From machinists and welders helping reduce the backlog of aircraft orders in the aerospace sector, to powertrain technicians, fabricators and CNC operators helping build the car of the future in the automotive sector, skilled trades people are crucial to the engineering industry.

But skilled trades are in short supply.

69% of engineers believe that there is a skills shortage in engineering, with a quarter of those saying this was most prevalent at the skilled trades level - the highest gap at any skill level (Matchtech 2017 Voice of the Workforce report).

Much of the gap can be attributed to the ageing workforce, as ‘baby-boomers’ move closer to retirement age. According to the EMSI (Economic Modeling Specialists International) 53% of skilled trades workers are over 45. 

While the impact of the shortage is hitting all engineering sectors, the maritime sector is particularly affected. 

Opportunities for skilled trades in maritime

Skilled trades play a major role in both the construction and maintenance of vessels within the maritime sector, from commercial and military ships to leisure boats. Carpenters, electricians, boat builders and welders are just some of the skilled trades people on the front line, building the next generation of naval vessels and luxury super yachts. 

Chris Thornton, Maritime Recruitment Specialist at Matchtech, comments on the job opportunities available for skilled trades in the maritime sector:

“Skilled trades are vital to the huge projects being undertaken in the naval sector at the moment. The UK is renowned for producing cutting-edge warships and submarines and there are a number of major build programs running concurrently such as the aircraft carriers, T26 frigates as well as the Astute submarines in Barrow. 

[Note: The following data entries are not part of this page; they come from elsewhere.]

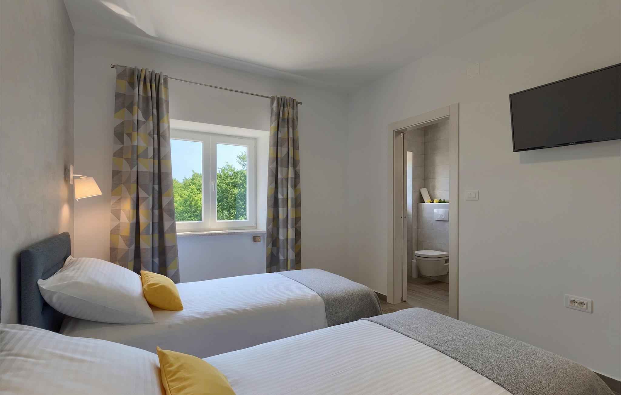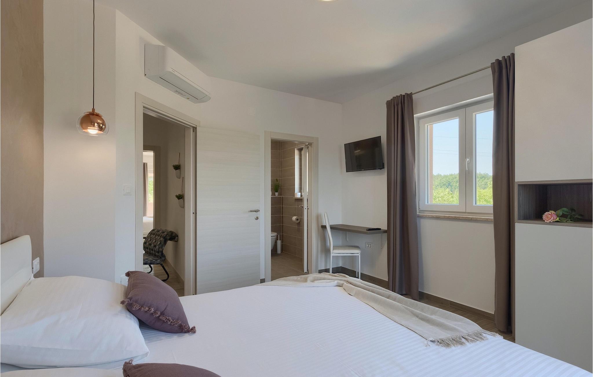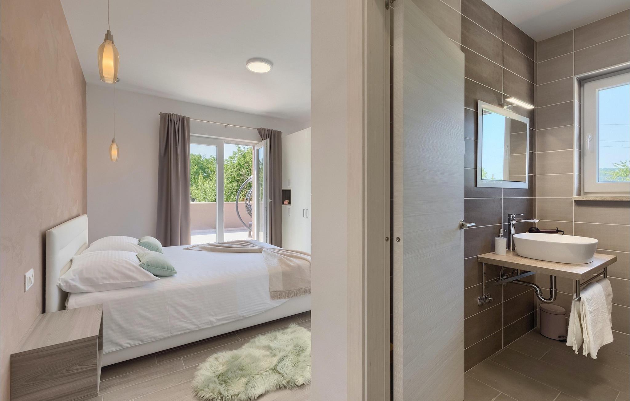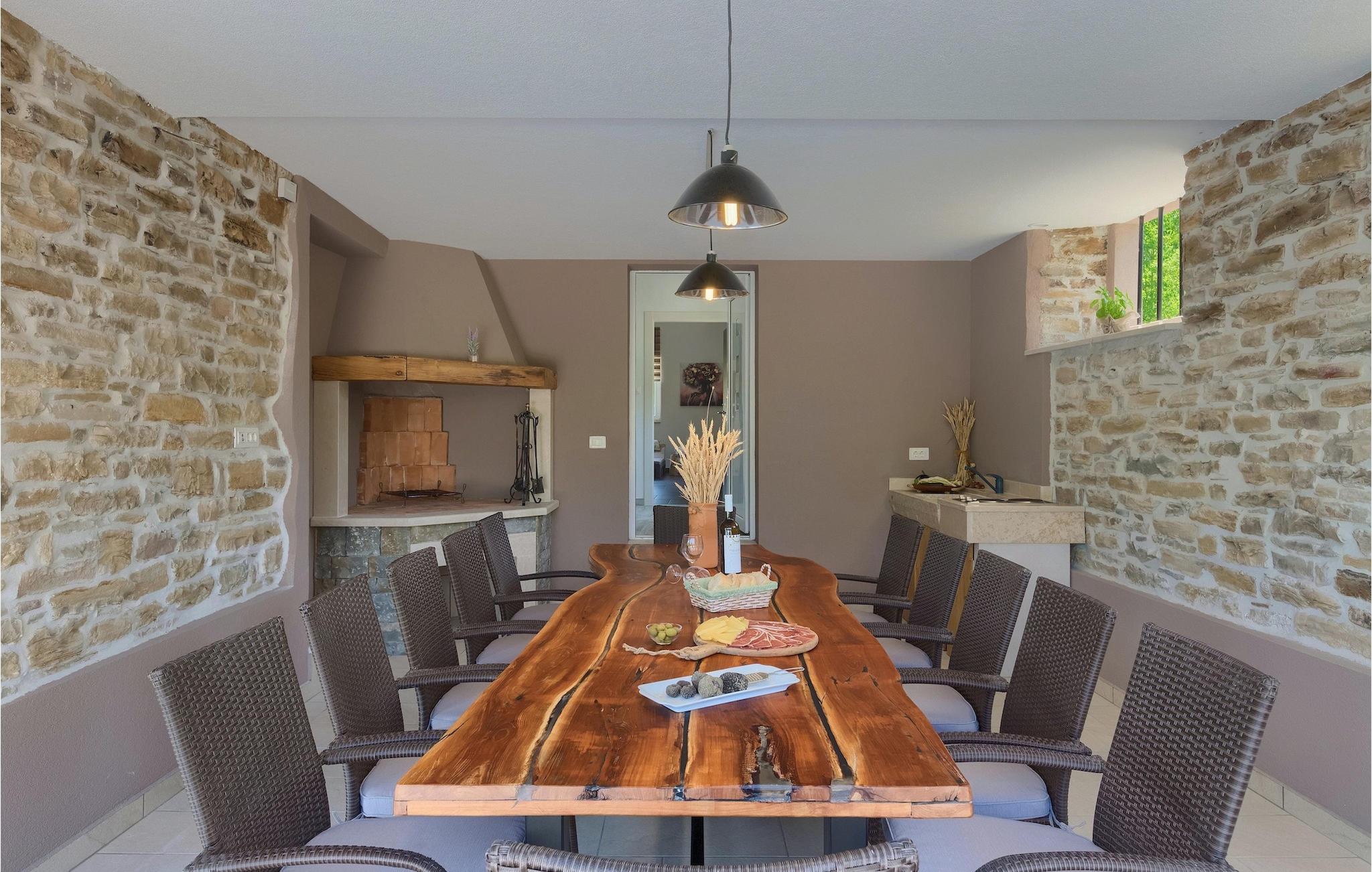 Suchen Sie eine geräumige, moderne Villa in einem ruhigen Gebiet, umgeben von der Natur? Das alles mit einem privaten Pool und zahlreichen Aktivitäten für Spaß (ideal für den Familienurlaub), Villa Zamari ist die perfekte Auswahl für Ihren Urlaub! Diese wunderschöne Villa bietet Unterkunft für bis zu 12 Gäste in 5 eleganten Schlafzimmern mit viel Sorgfalt eingerichtet. Wenn Sie in die Villa eintreten finden Sie im Erdgeschoss den direkten Zugang zum verbundenen Bereich mit dem schicken Wohnzimmer, Esszimmer und komplett ausgestatteter Küche. Hier finden Sie auch ein Schlafzimmer mit separatem Badezimmer. Alle Räume haben einen schönen blick zum großen Pool und der Umgebung mit modischen Gartenmöbeln und zahlreichen Sonnenliegen. Die komfortablen Zimmer verteilen sich über die erste Etage und bieten jeweils ein privates, schönes Badezimmer. Zwei der Zimmer haben Zugang zu zwei recht großen Balkonen, auf denen Sie sich entspannen und den Blick auf die grüne Hügellandschaft dieses Teils von Istrien genießen können. Wo Sie sich sicherlich verwöhnen lassen werden ist der entspannte Wellnessbereich mit der Sauna. Im Erdgeschoss befindet sich auch noch viel Platz in dem Spielzimmer mit einem Billardtisch und Darts, perfekt für ein amüsantes Zusammenkommen. Sicherlich verbringen Sie auch viel Zeit um den privaten Pool oder im offenen Esszimmer mit der kleinen Küche und Kamin. Hier finden Sie viel Platz auf der Veranda, für die ganze Familie, während die Kinder im Garten auf dem Trampolin springen. Villa Zamari erwartet Sie für den unterhaltsamen und entspannten Urlaub im Hinterland Istriens!Die schöne Villa Zamari befindet sich im kleinen Dorf umgeben von Natur und nur ein paar Minuten entfernt von Pazin. Pazin ist eine kleine, historisch reiche, die viel anzubieten hat und nur etwa 30 km von anderen touristischen Städten entfernt ist. Jahrhunderte lang war Pazin die stärkste Habsburger Festung in diesem Gebiet und das Hauptquartier des ehemaligen Fürsten. Diese mittelalterliche Burg (“Kastel”) können Sie auch heute besuchen, denn sie ist gut erhalten. Heute befindet sich hier das Ethnographische Museum Istriens und das Museum der Stadt Pazin. Besichtigen Sie auch Kirchen in dieser Gegend, denn sogar sechs sind durch das kulturelle Erbe Kroatiens geschützt. Eine von ihnen, die Kirche der hl. Maria in Beram (zwischen Pazin und Porec), weltbekannt für die istrische Freske des Todestanzes aus dem Jahr 1474. Das istrische Hinterland bietet aber auch viel mehr als nur Kultur an. Falls Sie ein Naturliebhaber sind, sind Sie hier richtig. Genießen Sie Wandern, Zipline oder machen Sie eine Gastro-Radtour, um istrische Spezialitäten auszuprobieren. Besuchen Sie auch unbedingt den Pazin Bach, wo Sie kleine Wasserfälle, Teiche und sogar Höhlen bewundern können. In dieser puren Natur können Sie auch im Sommer baden. Möchten Sie Istrien besser kennenlernen, besuchen Sie auch Porec, Rovinj oder Pula.
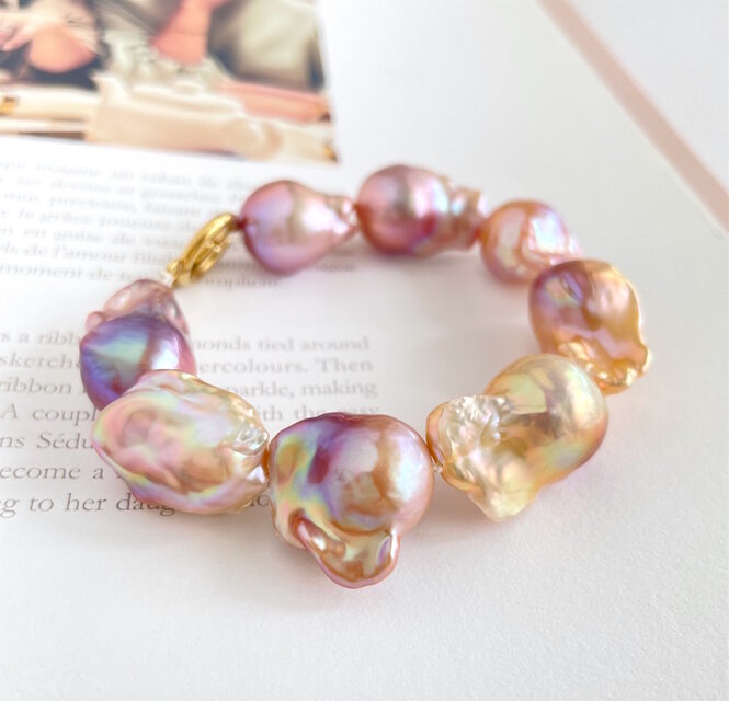 オイスターバロックパールのブレスレット ゴールデンミックスカラー 中粒 1点のみ
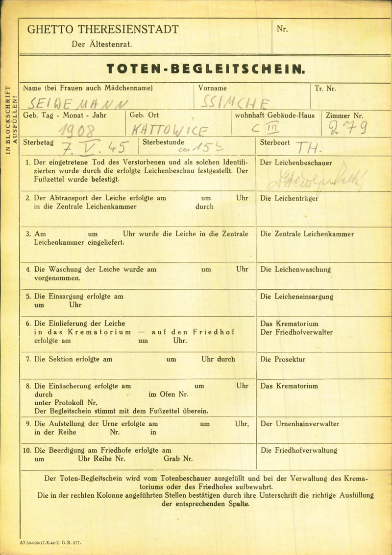 Seidemann Symcha: Death certificate, Ghetto Terezín
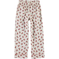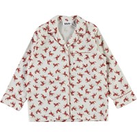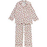 Zwei-geteilte Pyjamas in Weiß mit Aufdruck von kleinen dunkelroten Pferden und passenden Paspeln. Die Hose hat Bindeband in der Taille und der Pullover hat lange Ärmel.
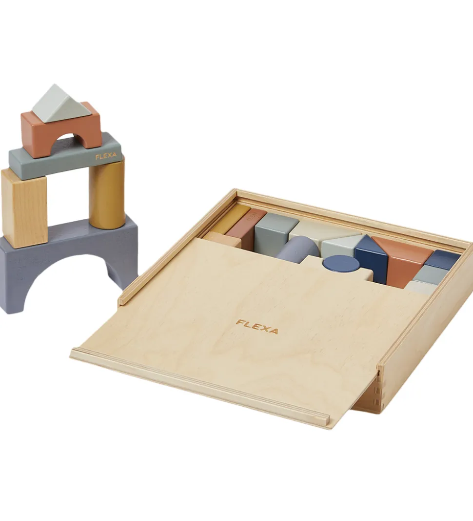Flexa træklodserne er perfekt til barnet, der elsker at lege bygge og indeholder 36 dele i mange forskellige former og størrelser til at bygge alle mulige konstruktioner. Træklodserne kommer i opbevaringskasse med låg.
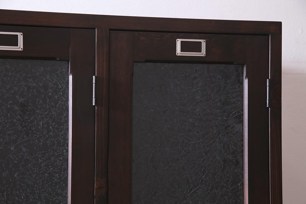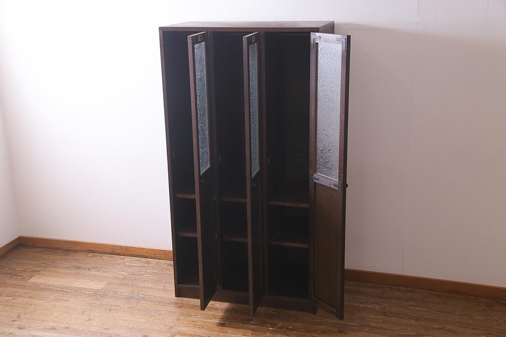 ラフジュ工房オリジナル ヒノキ無垢材・ヒバ材 結霜ガラス入り レトロな佇まいが魅力的な3人用ロッカー(収納棚、戸棚)(R-037784)です。

“Over the last five years we have seen huge demand for many trades such as mechanical fitters, pipe fitters, welders and platers, as well as electricians. The requirements have often fluctuated and at peak it has often been a challenge to recruit enough candidates with the right skills. Demand will remain high for the foreseeable future.

“The leisure boat-building market has undergone a renaissance in the last two years, driven largely by exports thanks to the weaker value of the pound. This is creating manufacturing opportunities for carpenters, joiners and laminators. With advancements in materials being used, trades people with composite skills are increasingly important to maritime businesses.”

While most leisure boat-builders are looking for skilled trades with previous boat-building experience, there are opportunities for transferring from another industry or re-training for those with the right skills, Chris comments:

“The opportunities for skilled trades in maritime are sometimes quite specific for the industry, but with the shortage of talent employers are willing to look for those with the right skills even if their experience is from a different industry. For example, laminators with experience in the aerospace and automotive sectors could potentially transfer to a maritime role without taking a step down the career ladder, while platers and welders could transfer from oil and gas if they are willing to train for the codes needed in the maritime sector.”

With maritime skilled trades positions offering a potential 10% uplift in salary or contract rate compared to construction and other industries, opting to take additional training courses or professional development to move into the maritime industry might be a good way to progress your career as a skilled trades worker.